[The data]:
Content starts
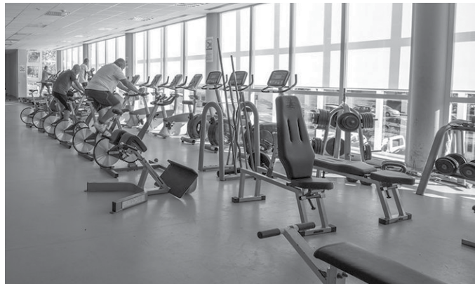
“8.000 euroekin zer erosiko zenuke giharketa gelarako?”. Herrikideek izango dute azken hitza.

Otsailaren 3ra arte, Kiroldegian nahiz erabiltzaileei online bidalitako formularioa osatuta parte hartu ahal da. “2023ko aurrekontuetan 8.000 euro bideratuko ditugu gimnasioiko makina berriak erostera. Hori dela eta, zure iritzia jaso
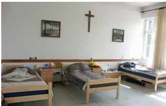
Jedna od spavaonica
Content ends
Without the pictures, retype exactly the lines from the one that holds "Otsailaren 3ra arte, Kiroldegian" to the last line of the data above, both of them included.

Otsailaren 3ra arte, Kiroldegian nahiz erabiltzaileei online bidalitako formularioa osatuta parte hartu ahal da. “2023ko aurrekontuetan 8.000 euro bideratuko ditugu gimnasioiko makina berriak erostera. Hori dela eta, zure iritzia jaso
Jedna od spavaonica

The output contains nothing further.